The article says that millions have been spent on attempts to improve the flow, availability and use of information in the workplace, but that bottom-line benefits are often elusive. By giving responsibility for Knowledge Management to someone within the IT department and concentrating on implementing IT-based Knowledge Management systems, companies run the danger of neglecting the human aspects of the concept.

Professor Sumantra Ghoshal from the London Business School says that overall, organisations haven't reaped the benefits predicted; "KM budgets were spent on creating large repositories of information in databases or Intranet sites which, largely, missed the point. It ignored the fact that a substantial amount of knowledge is tacit and cannot be written down".

Both the Cranfield School of Management and Henley Management College are currently researching into the benefits of Knowledge Management - Henley have launched a Knowledge Management Forum, a networking programme for organisations wanting to share ideas and explore solutions to related problems.

A recent study by the Cranfield School found that most important factors in Knowledge Management which are least likely to happen are getting people to collaborate, capturing and transferring knowledge, improving customer/supplier relationships, process inefficiency, matching skills, people and tasks and facilitating access to experts.

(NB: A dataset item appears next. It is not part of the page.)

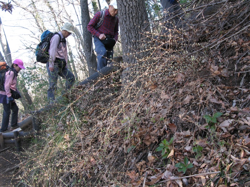 水平トラバースのはずなのに、なんだこれはと思いますが、小さな沢を渡るたびに急な下りと急な登りがあるわけです。ここは軽いハイキングのルートですので、念には念、という親切心からクサリを張ってあります。でも馬鹿にできないのは、冬にも「軽いハイキング」でこの場所を通る人がいるかもしれません。そういう山岳観光地が首都圏にはたくさんあります。
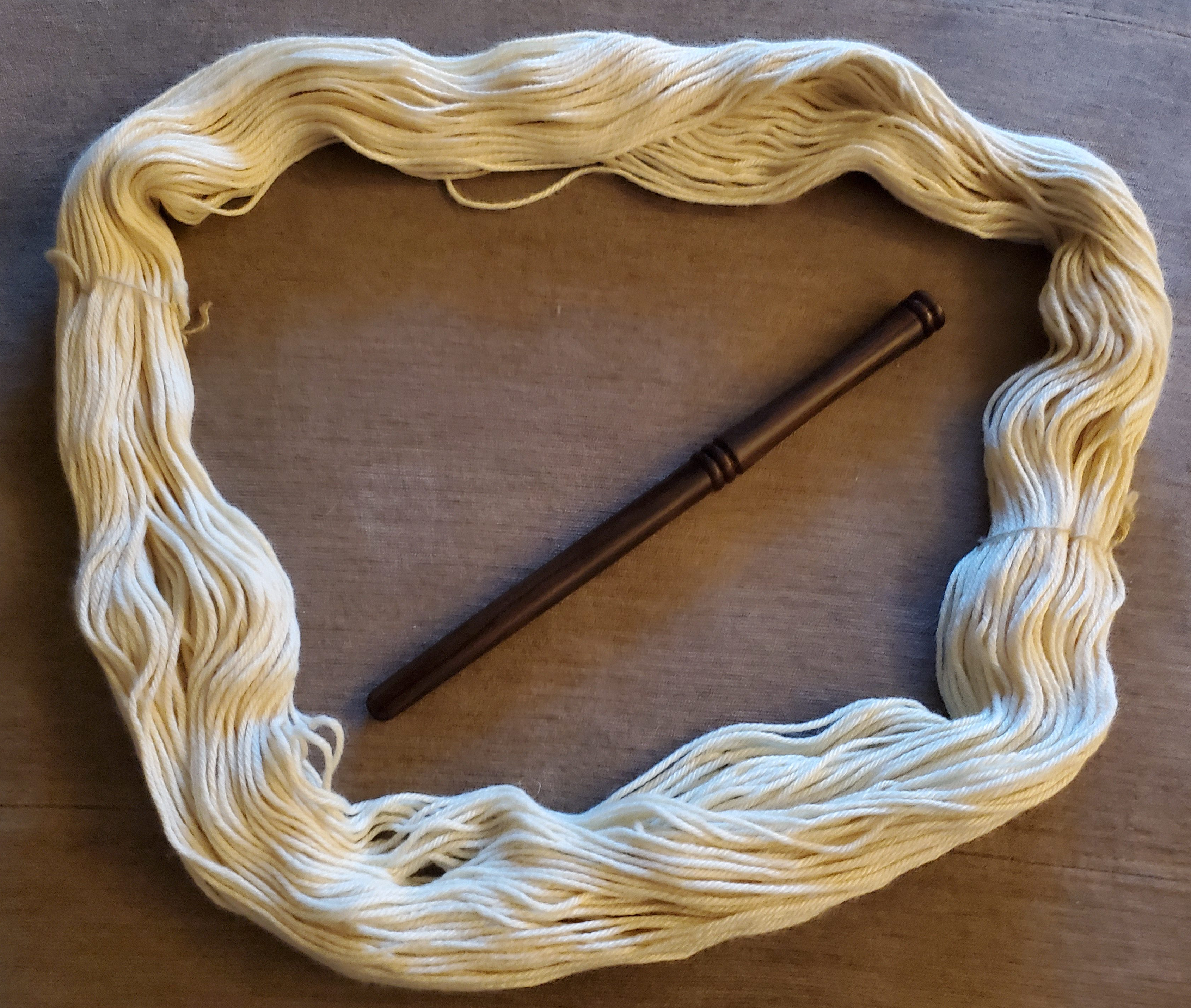 A while back I’d bought a Nostepinne, which is this old-school traditional yarn winding device that’s basically just a smooth, tapered wooden stick. It’s kinda funny actually, a lot of internet reviews you’ll find are from people who bought them to use as a wand for their kid’s wizard halloween costume.

These areas all call for significant input from training providers, consultants and company training departments if the concept is to be more than just a 'flash in the pan'. Professor Ghoshal notes that BT are already spending a quarter of their Knowledge Management budget on coaching staff, and financial advisory group Skandia are working at ingraining questioning as a part of company culture. A significant culture change is going to be required in many cases to encourage an atmosphere of trust and willingness to share.